What a wonderful world
Nachdem
alles gepackt und in den
Booten verstaut war, machten wir uns auf, die vom Slawa übermittelten
Koordinaten zu finden. Andere Flussseite, aber näher als 300 m kamen
wir nicht
ran. Wir hielten dann auf der nächstgelegenen Sandbank und warteten.
Drei
russische Jugendliche wollten sich unbedingt mit uns unterhalten.
Irgendwie
funktioniert Kommunikation zumindest ansatzweise immer. Als sie hörten,
das wir
Deutsche seien, erzählten Sie uns von Ihrer Vorliebe für die Gruppe
Rammstein.
Zugegebenermaßen hatte zumindest ich noch nie etwas von dieser Gruppe
gehört.
Gegen 18 Uhr tauchte am
gegenüberliegenden Ufer ein Typ auf, der dort anfing ein Kajak
zusammenzubauen.
Es war dann wirklich Slawa, unser Guide für die restlichen 320
Flusskilometer
bis nach Ust-Kamtschatsk, durch militärisches Sperrgebiet.

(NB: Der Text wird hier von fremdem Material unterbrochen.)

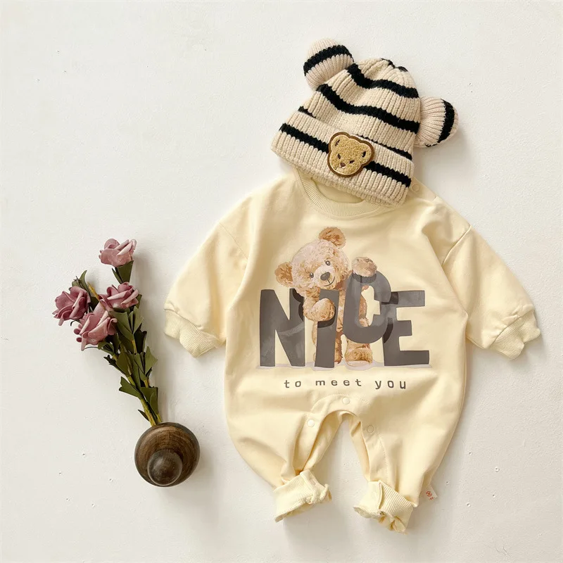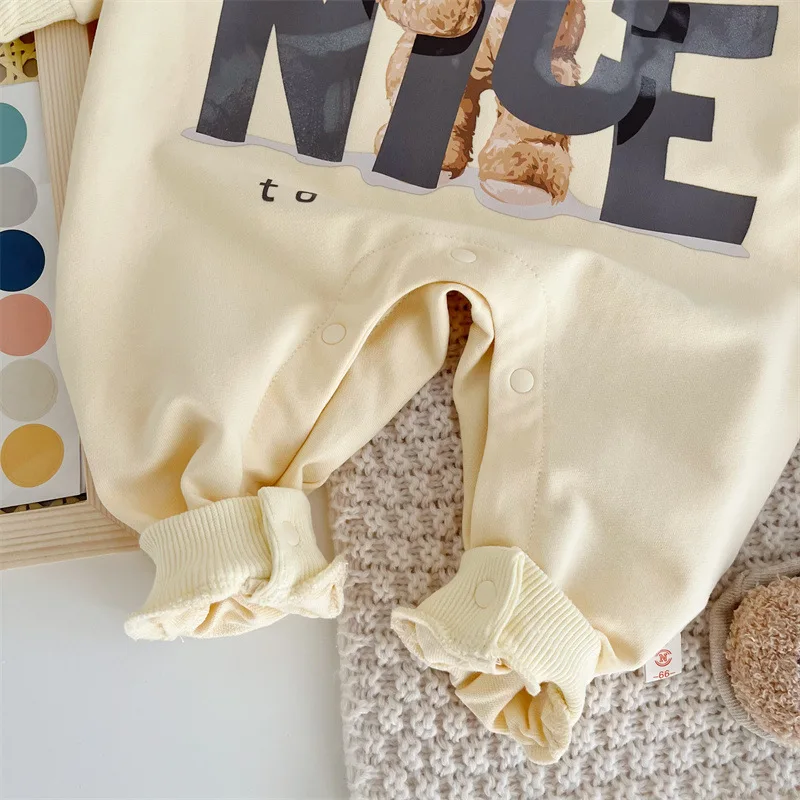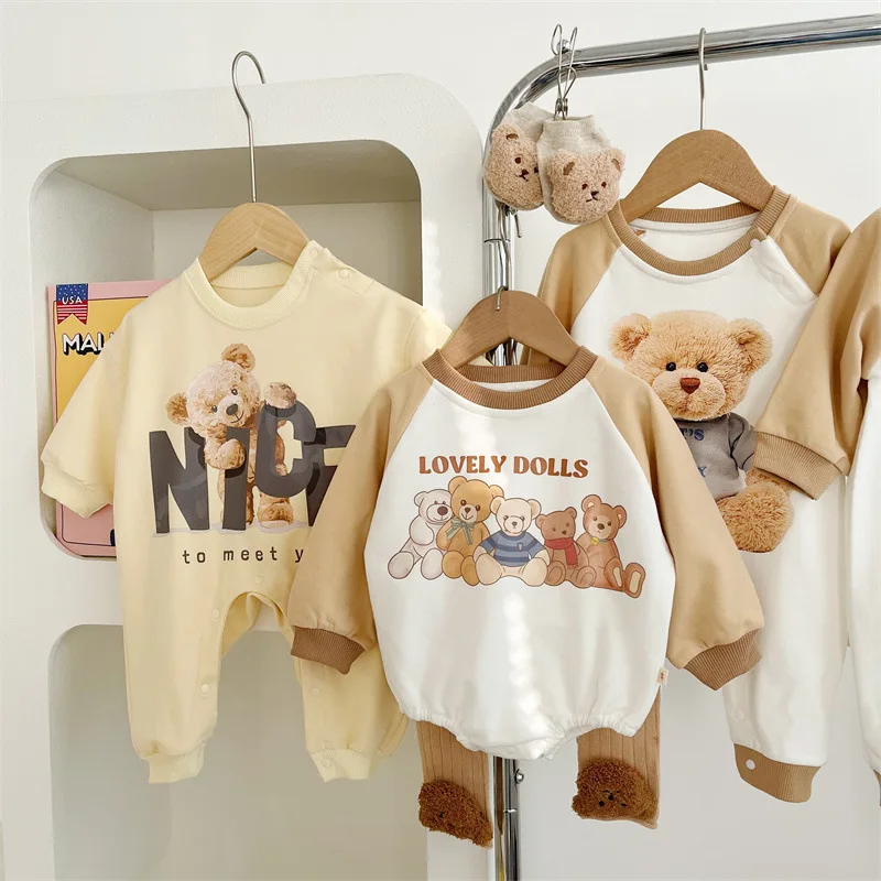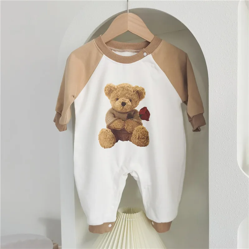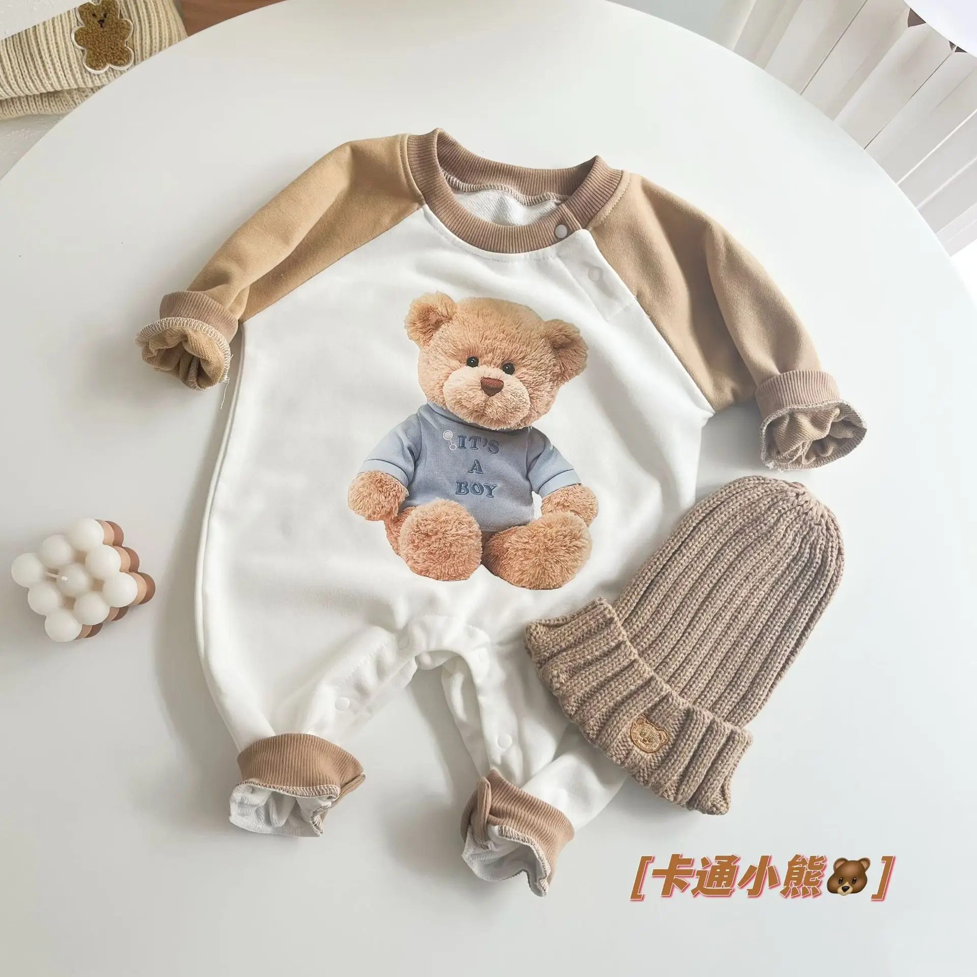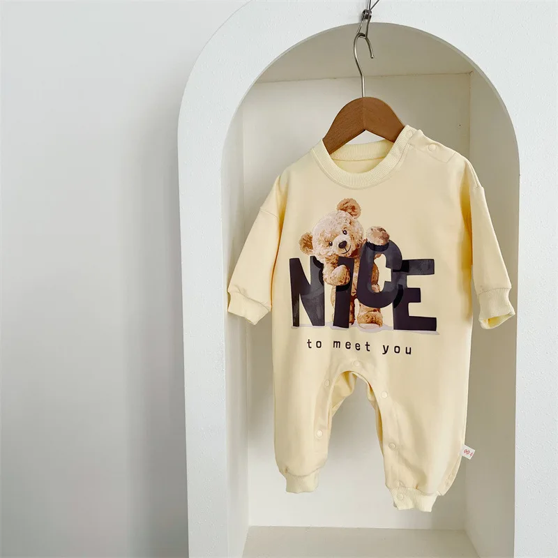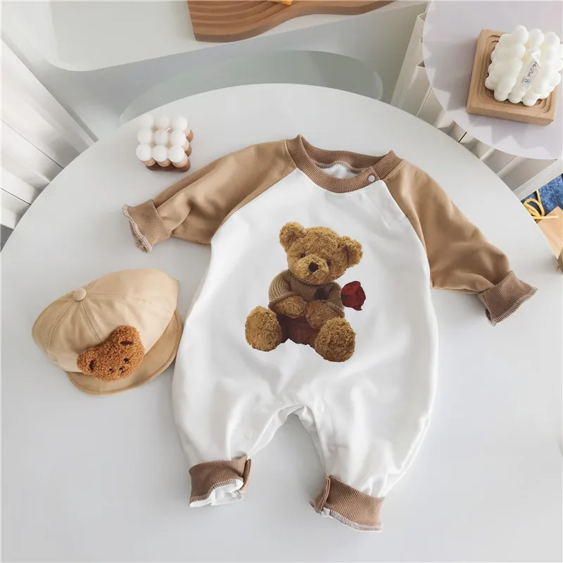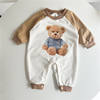 Spring khaki Cartoon Bear fashion sweater style jumpsuit for Gentalmen boys Onesie Cute girls Clothes 0-2 year
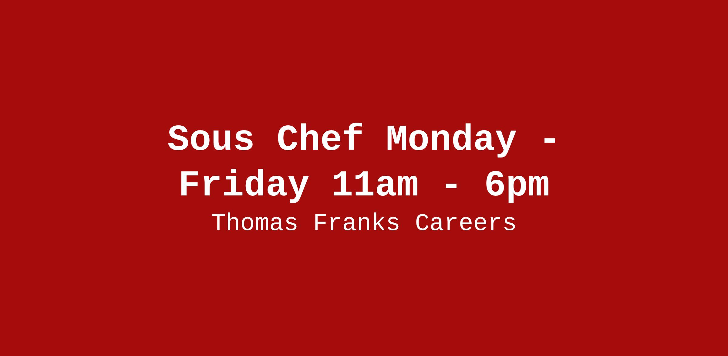 Sous Chef Monday - Friday 11am - 6pm
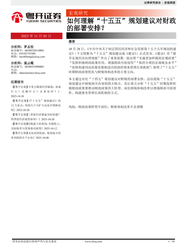 【粤开证券】【202511】如何理解“十五五”规划建议对财政的部署安排?-10页 证券期货研究报告
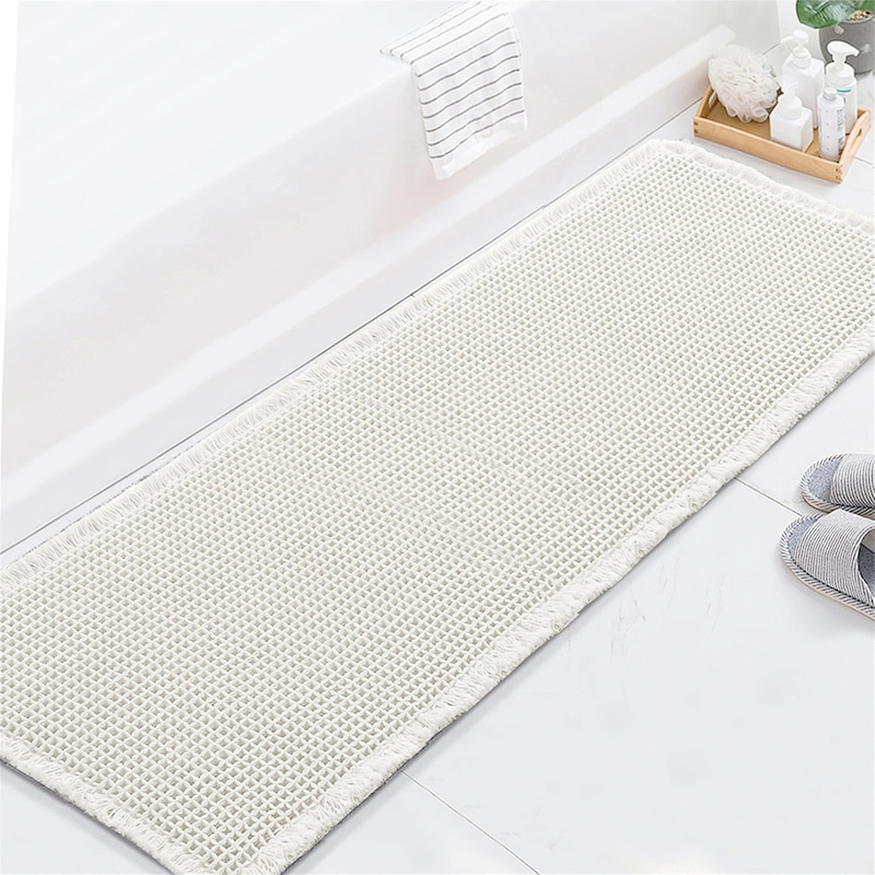 190 CM X 65 CM Cotton Waffle Dry Bathroom Rug Non Slip Kitchen Mat with Tassels Super Absorbent Ultra Soft Boho Decor Floor Mats Machine Washable
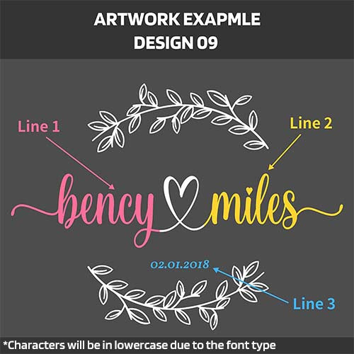 The color parts in the artwork examples can be personalized. Each color refers to one line of personalization.
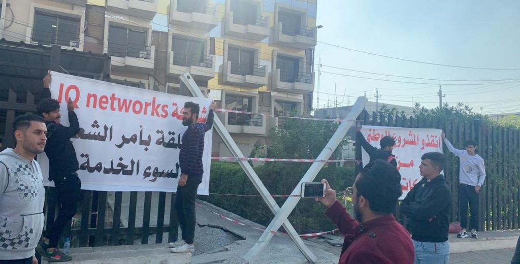 تظاهر العشرات من اصحاب شركات الانترنت الاهلية، اليوم السبت، امام شركة الكابل الضوئي المتعاقدة مع وزارة الاتصالات احتجاجاً على سوء الخدمة.

Unsere Befürchtungen, was unseren
Guide anbetraf, erwiesen sich von der ersten Minute an als unbegründet.
Die
Kommunikation war kein Problem. Slawas Englisch ist hervorragend, was
wir von
unserem Russisch nicht sagen können.
Slawa sprach uns sogleich darauf
an, wie das denn mit unserer Kenterung gewesen sei. Er habe die
Geschichte von
Martha gehört.
Wir übernachteten auf der
Kozyrevsk gegenüber liegenden Sandbank. Am nächsten Morgen nach dem
Frühstück
und nachdem alles wieder in die Boote verpackt war, wobei Slawa einige
unserer
Kanusäcke in sein Boot geladen hat, ging es los.
Zum ersten Mal waren wir nicht
allein unterwegs. Nach unseren Erfahrungen waren wir allerdings auch
ein
bisschen froh, einen Begleiter dabei zu haben.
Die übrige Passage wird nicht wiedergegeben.